Uno studio più recente della Baviera ha esaminato 90 632  bambini per autoanticorpi insulari a un’età media di 3,1 anni, seguito da istruzione, stadiazione metabolica e follow-up clinico per i 280 bambini (0,3%) con risultati positivi. Dei 62 bambini positivi agli anticorpi che hanno sviluppato il diabete al momento dello screening (n=26) o dopo 2,4 anni di follow-up (n=36), solo due hanno avuto chetoacidosi (3,2%). Ciò si confronta con un’incidenza superiore al 20% tra i bambini non sottoposti a screening che sviluppano il diabete. 

Il test per gli autoanticorpi delle isole è ora disponibile in commercio negli Stati Uniti e sta emergendo la possibilità di un intervento preventivo per le persone con risultati positivi. In uno studio controllato con placebo (n=76; 55 di età 18 anni), l’anticorpo monoclonale anti-CD3 tepluzimab ha ritardato la diagnosi di diabete di una mediana di 24 mesi (48,4 mesi alla diagnosi vs 24,4 mesi) nei partecipanti che erano positivi per le isole autoanticorpi e aveva aumentato i livelli di glucosio al di sotto della soglia per il diabete.

Il diabete di tipo 1 soddisfa molti dei criteri di Wilson e Jungner per lo screening: è una condizione importante e l’incidenza aumenta del 4% in tutto il mondo ogni anno. I dati della Baviera, così come gli studi osservazionali come Teddy (The Environmental Determinants of Diabetes in the Young), suggeriscono che lo screening può essere accettabile per le famiglie.  A Teddy, i bambini identificati attraverso una strategia di screening e monitoraggio che combinava il rischio genetico con il test degli autoanticorpi insulari hanno riportato una qualità della vita specifica per il diabete significativamente migliore nel primo anno dopo la diagnosi rispetto ai controlli comunitari corrispondenti diagnosticati senza screening. I loro genitori hanno riportato uno stress genitoriale significativamente inferiore.

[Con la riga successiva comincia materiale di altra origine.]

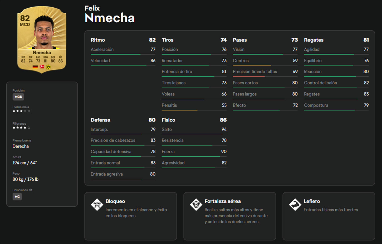 El centrocampista alemán del Borussia Dortmund es otra opción muy completa. Además de atributos equilibrados, sobresale por su capacidad de conducción, poco habitual en la posición. En estilos de juego es sólido y aporta trabajo defensivo, juego aéreo y determinación (con opciones de error) en la salida. Combinado con su finta y zancada, resulta difícil de detener. También en la recuperación tras pérdida. Convierte el mediocampo en zona de seguridad.

L’età di 3-4 anni è stata suggerita come il momento migliore per lo screening dei bambini utilizzando il test degli autoanticorpi insulari, consentendo il tempo per interventi come l’educazione dei genitori e il monitoraggio per ridurre il rischio di chetoacidosi diabetica in quelli con risultati positivi. 

Tuttavia, questa strategia mancherebbe i bambini più piccoli, e spesso i più malati, che sviluppano il diabete, così come quelli che sviluppano autoanticorpi più tardi nell’infanzia. L’aggiunta di dati genetici allo screening degli autoanticorpi può aumentare la percentuale di bambini identificati come ad alto rischio, compresi i bambini più piccoli. Ma molti bambini considerati geneticamente ad alto rischio non svilupperanno mai il diabete di tipo 1, sollevando preoccupazioni sull’accettabilità dello screening genetico.

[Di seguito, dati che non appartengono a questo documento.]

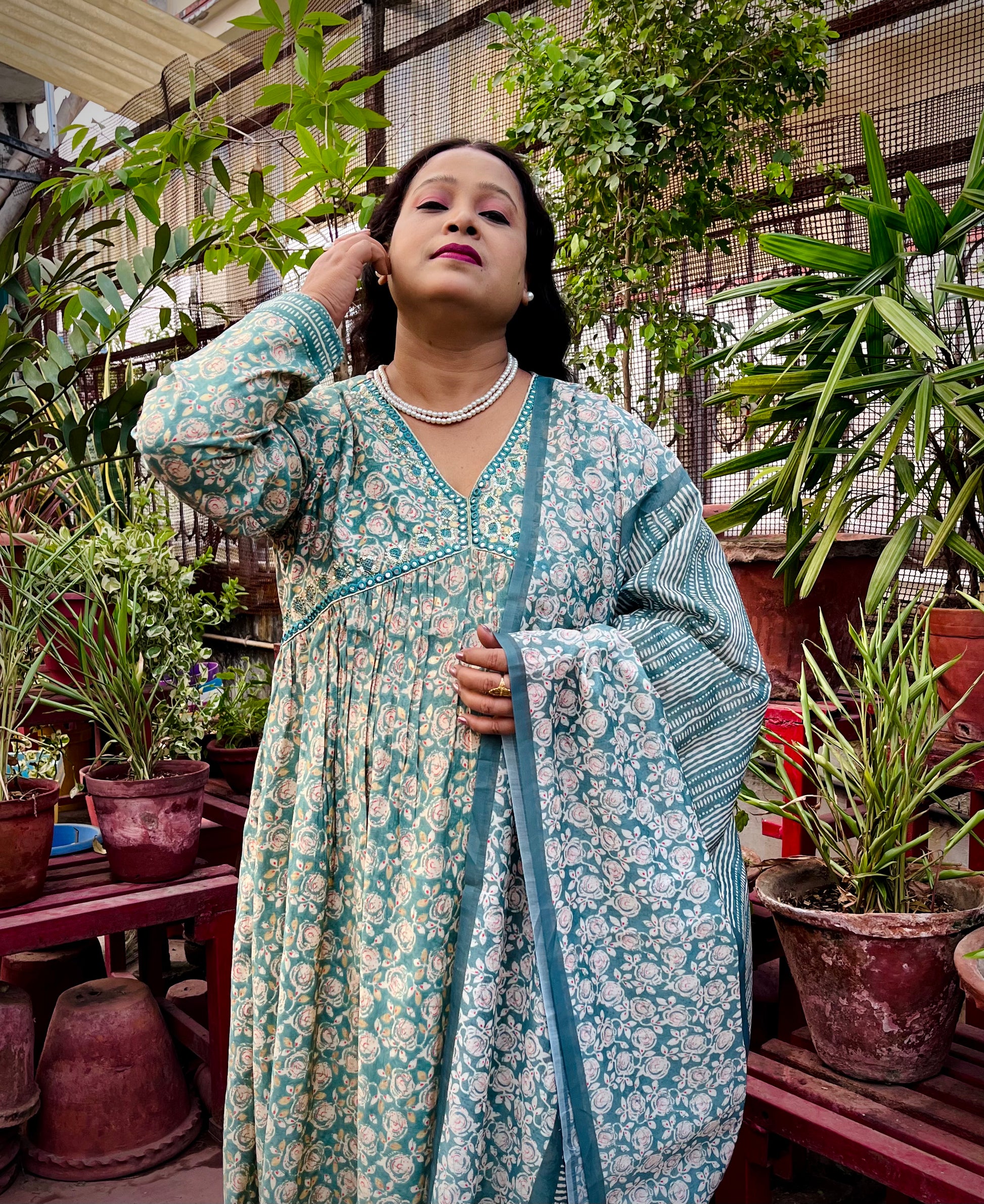 Elevate your style with our "Aaliya Cut" Three-Piece Kurti Set, crafted in soft modal muslin fabric. Featuring subtle embroidery, zari work, and faux mirror accents, this set combines sophistication and comfort. Paired with Afgani-style pants and a digital print silk dupatta, it creates a graceful and captivating look. Ideal for special occasions, this ensemble offers both elegance and ease.

Il lasso di tempo tra lo screening per gli autoanticorpi insulari e la diagnosi è un’ulteriore preoccupazione. Sono necessarie prove su come seguire al meglio i bambini con anticorpi e quando ripetere il test su quelli con un solo tipo di anticorpo, che hanno un rischio relativamente basso (10-15%) di diabete.  Sono necessari predittori più precisi di insorgenza del diabete per supportare i percorsi clinici e consentire un processo decisionale condiviso e pienamente informato con le famiglie.

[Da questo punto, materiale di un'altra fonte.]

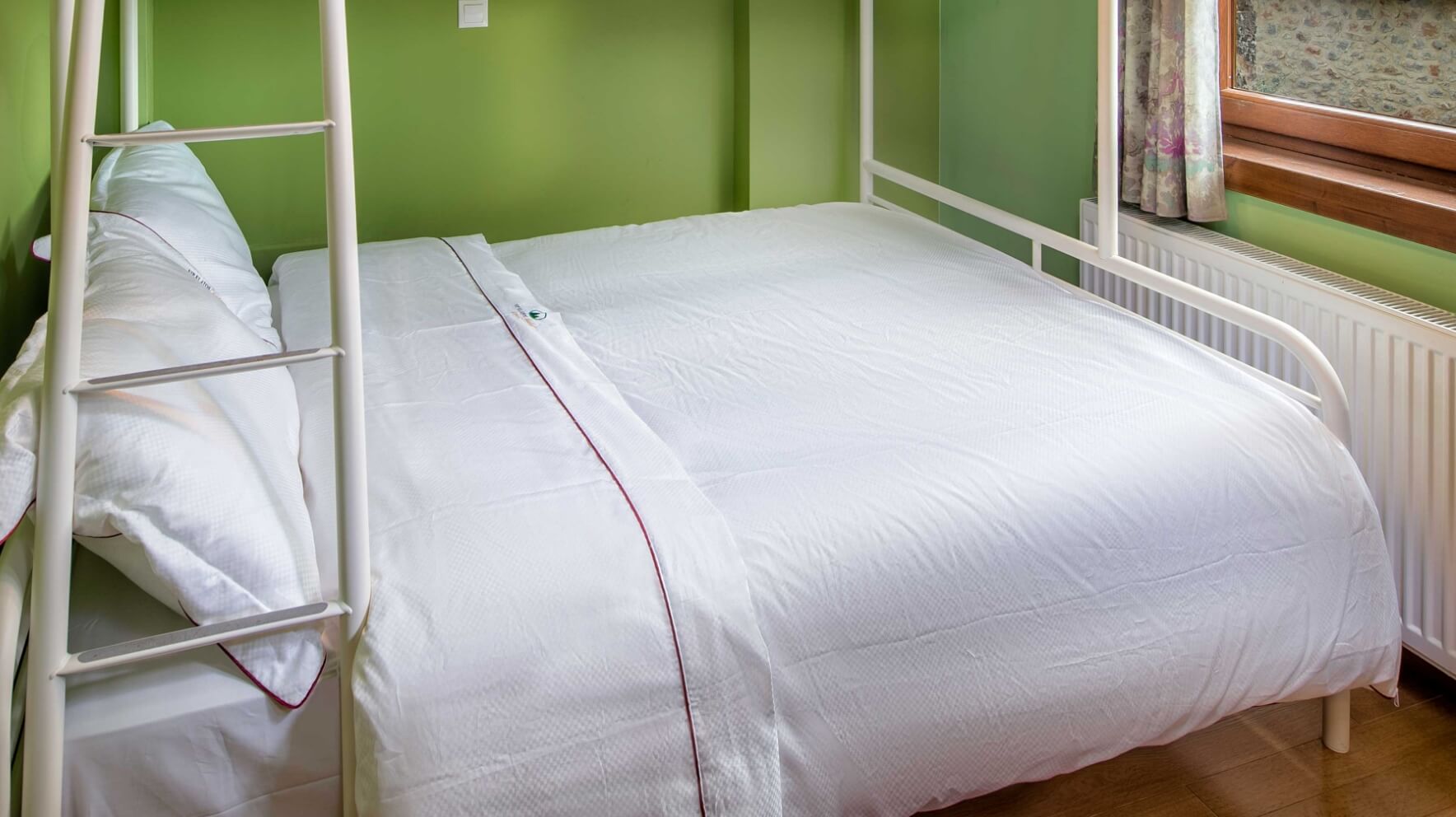 Μια κρεβατοκάμαρα με κρεβάτι κουκέτα, διπλό κάτω, μονό επάνω

Sono necessarie ulteriori ricerche per identificare le strategie di screening più efficaci e convenienti e, soprattutto, per quantificare l’equilibrio tra benefici e danni, che includono l’aumento dell’ansia per bambini e genitori e l’onere associato a un programma di follow-up per i bambini che risultano essere a rischio. Le prove dovrebbero includere il tasso di ricovero ospedaliero al momento della diagnosi come risultato, nonché gli esiti psicologici e metabolici a breve e lungo termine. A cento anni dalla scoperta dell’insulina, la valutazione dello screening dovrebbe essere una priorità della ricerca.